It was as though pieces of his memory had been blacked out.  At first he hadn't even realized anything was missing.  Then, Carter had said some things that didn't make sense.  He'd tried to think about it and discovered he couldn't make connections between recent events.  He felt like his brain had been short-circuited.  Frustration pushed down an initial wave of panic.  What was happening in his head?  Why couldn't he think straight?  Had someone been messing with his mind?  Had he said anything while he was out of it, given away any classified information, endangered his team, his government, his world?  Jack felt lost, adrift in shifting riddles.

Dr. Fraiser theorized it was an effect of the drug the alien “goddess” had used on the men.  The effect had been temporary, and it hadn’t taken long before the memories returned, in fragments at first, an image here, a word or phrase there.  Eventually, the whole, ugly episode had come back to him, and Jack remembered it all now.  In fact, he couldn’t stop remembering.

Hathor had enslaved him along with all the other men on the base.  She had used some kind of mind control drug on them, beyond their technology and experience.  They became a willing army for their new mistress.

The Air Force colonel who was accustomed to giving orders had felt his will totally subsumed by the Goa'uld.  The sticky, sweet fumes he inhaled clogged his senses until his mind was no longer his own.  Another presence was directing it, changing his very thoughts to patterns of Hathor’s design.  He was possessed by an overwhelming need to serve her, to do whatever she wished of him.  He burned with the desire to please her, no matter the request, no matter the sacrifice.  She was his queen, his goddess, his very life, and he would gladly give himself to her to use as she saw fit.
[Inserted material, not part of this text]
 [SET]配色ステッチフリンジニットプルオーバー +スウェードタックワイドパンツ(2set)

Completely enthralled, Jack was in no condition to realize that the fate she intended for him was one he held in the deepest revulsion.  She planned to condemn him to carry a hated Goa'uld larva inside his body.  She planned to make him into a Jaffa.
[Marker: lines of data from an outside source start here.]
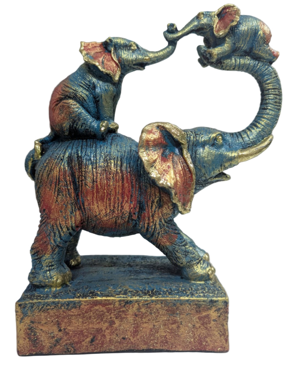 Add charm, artistry, and cultural symbolism to your home with this stunning Stacked Elephant Statue Decor. This collection features three uniquely designed elephant sculptures in vibrant, antique-style finishes with shades of gold, copper, and blue. Crafted with precision and attention to detail, these colorful elephant showpieces bring a lively yet elegant touch to your décor.
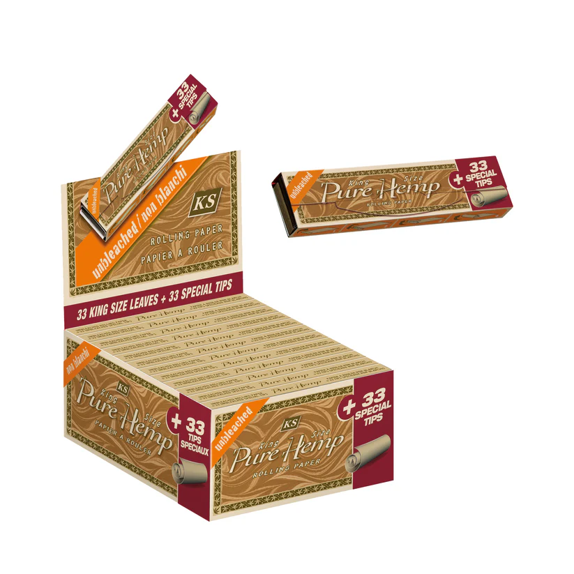 Our Pure Hemp Unbleached King size (44mm wide) rolling papers with 33 tips are the perfect size a proper sesh or for crafting the perfect bat!
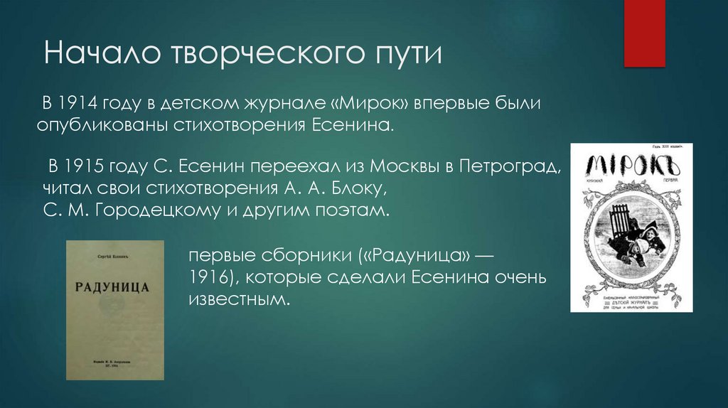 Начало творческого путиВ 1914 году в детском журнале «Мирок» впервые были
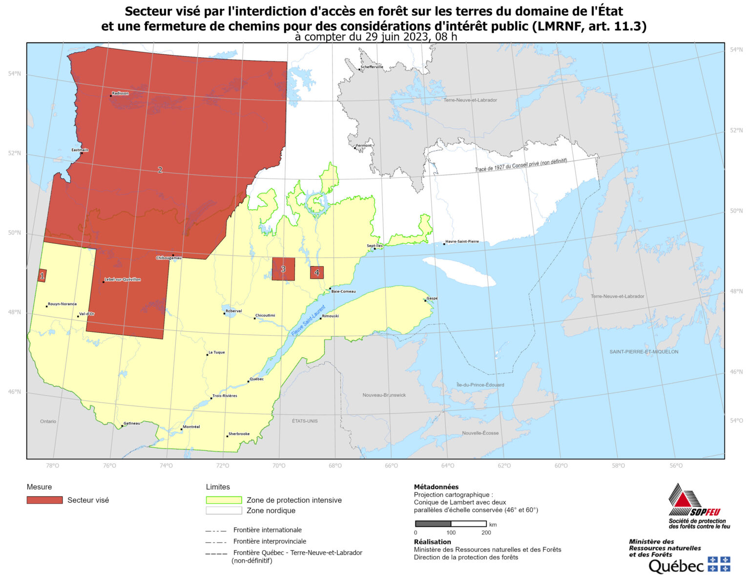 Le ministère des Ressources naturelles et des Forêts, de concert avec la SOPFEU, lève l'interdiction d'accès en forêt sur une partie du territoire qui était jusqu'ici interdit.
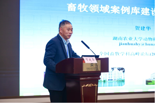 本次学术论坛聚焦贯彻落实党的二十大精神,深入学习贯彻全国教育工作会议精神,就新时代畜牧学科高层次专业人才培养、学科内涵与一流专业建设、研究生导师队伍建设、科教融汇、产教融合、产科教联动发展、一流课程建设、学生思政教育等方面开展研讨,积极推进“十四五”畜牧学科与专业发展,认真研讨新时代畜牧业人才需求,进一步提升畜牧学科专业人才培养质量、科学研究和社会服务能力。学院印遇龙院士和贺建华教授应邀在大会上做主题报告,印遇龙院士以“国际动物科学现状与动态及养殖技术前沿”为题,分享了国际和国内最新的绿色养殖、饲料资源开发、粪污处理等前沿技术。贺建华教授以“畜牧领域案例库建设情况汇报”为题,从专业学位研究生教育改革 、教师队伍建设、课程教学改革、学位论文指导、专业人才培养等方面分享了自己从教三十余年的经验与见解,并结合主编的普通高等教育农业农村部“十三五”规划教材《现代畜牧业案例分析》一书,分享了书中收录的案例基本情况、案例教学运用情况及相关工作建议,获得与会专家的高度赞赏。

As a soldier, he was a logical choice.  The Jaffa were warriors.  Hathor couldn’t have known the particular horror O’Neill felt for that state when she singled him out for her “honor.”  He knew, however, that it would have made no difference to her.  He and the other men were tools in her plan to populate the earth with Goa'ulds.  Their feelings were of no importance to her.
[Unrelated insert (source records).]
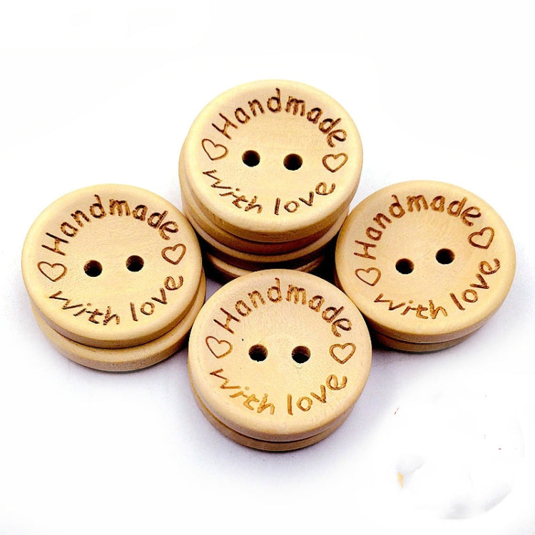 100 PCS/Set Natural Color Wooden Buttons Handmade Love Letter Wood Button Craft DIY Baby Apparel Accessories(25mm)
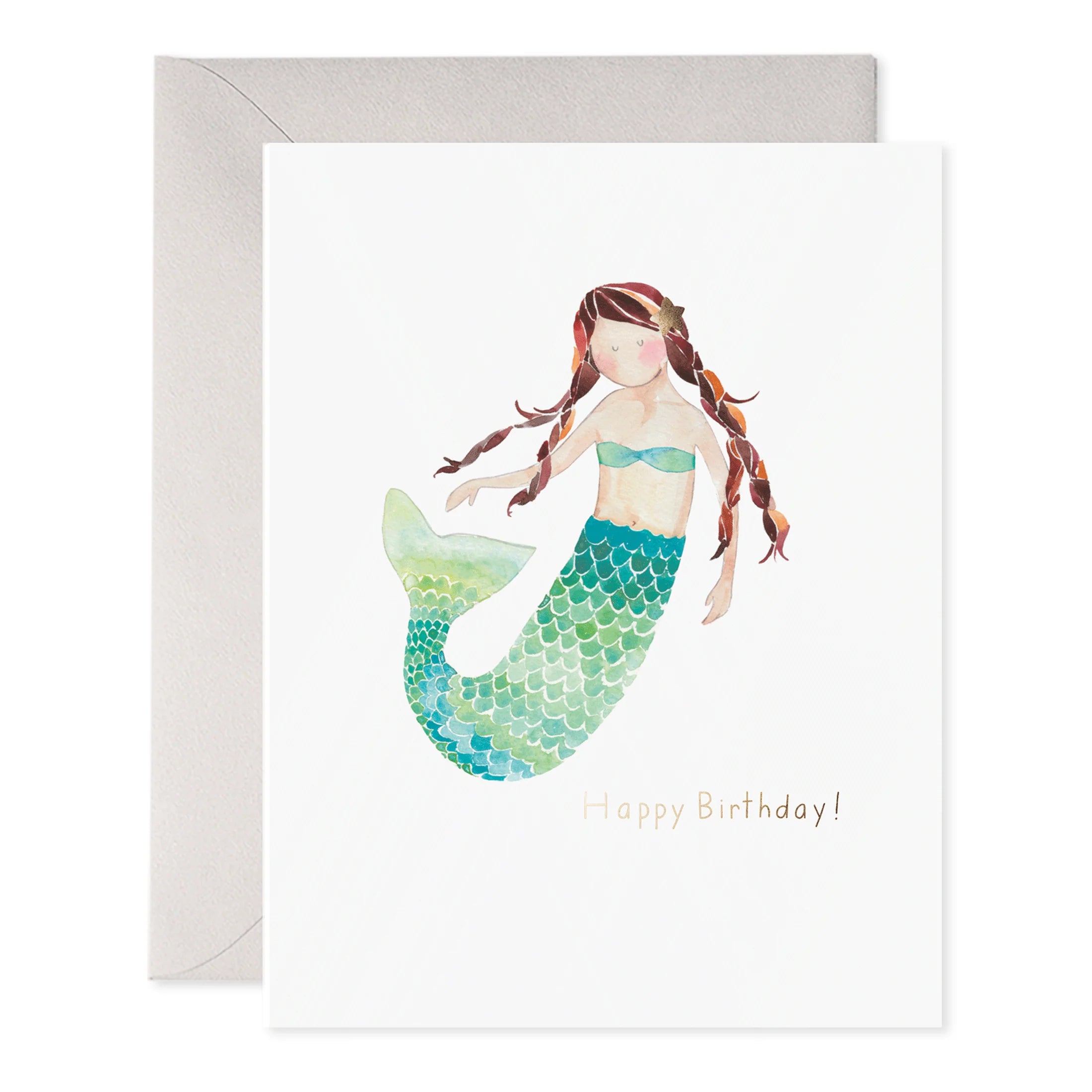 Send more love with these greeting cards, featuring mermaids, charming illustrations and clever words. Each E. Frances card starts as a handcrafted watercolor painting, printed on luxurious paper with brilliant colors and foil accents, plus bonus artwork on the back of every card. Proudly made in the USA with care and love.
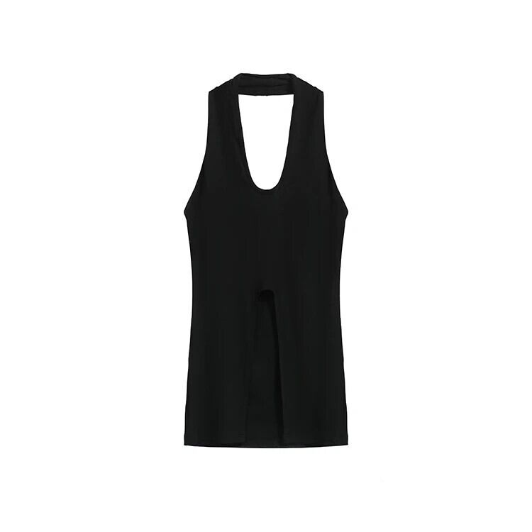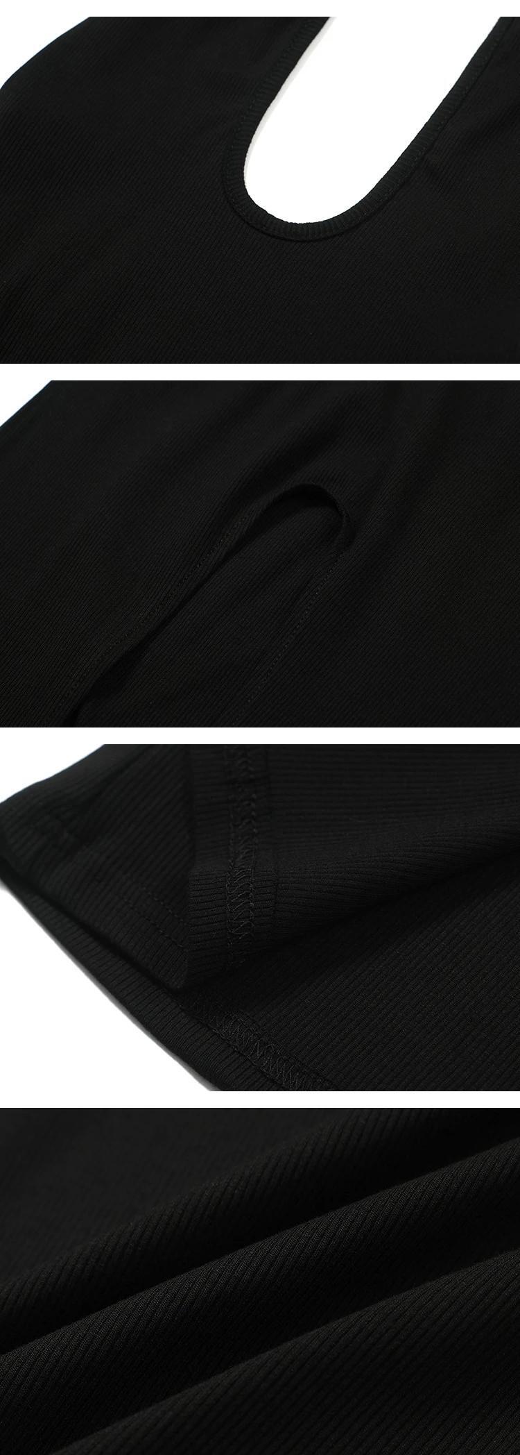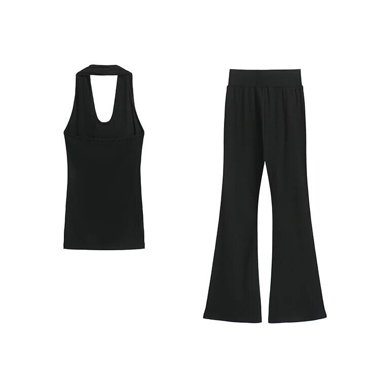 甘いホットガールスーツ夏黒弾性ニットホルターネックタンクトップフレアパンツツーピースセット ブラック エラスティック 伸縮 大人ガーリー スウィート キュート カジュアル サマー 夏物

Jack had come to accept that a Goa'uld larva was an intrinsic part of Teal’c, his friend and SG-1 teammate, but he tried not to think about it if he could help it.  On the few occasions “Junior” had emerged from Teal’c’s pouch to show itself, O’Neill had turned away and tried very hard not to gag.  Aside from the fact that it was butt ugly, the thought of the parasite cozily inhabiting his friend’s body literally turned Jack’s stomach.  Teal’c was nurturing a being who embodied evil in a manner not previously encountered in all the colonel’s experience of war.  The Goa'uld were a threat to the entire human race, and Jack was dedicated to protecting humanity from their menace.  He understood that Teal’c had no choice in the matter and would die without the immune system it provided him, but Jack did not want to become personally acquainted with it or any other Goa'uld.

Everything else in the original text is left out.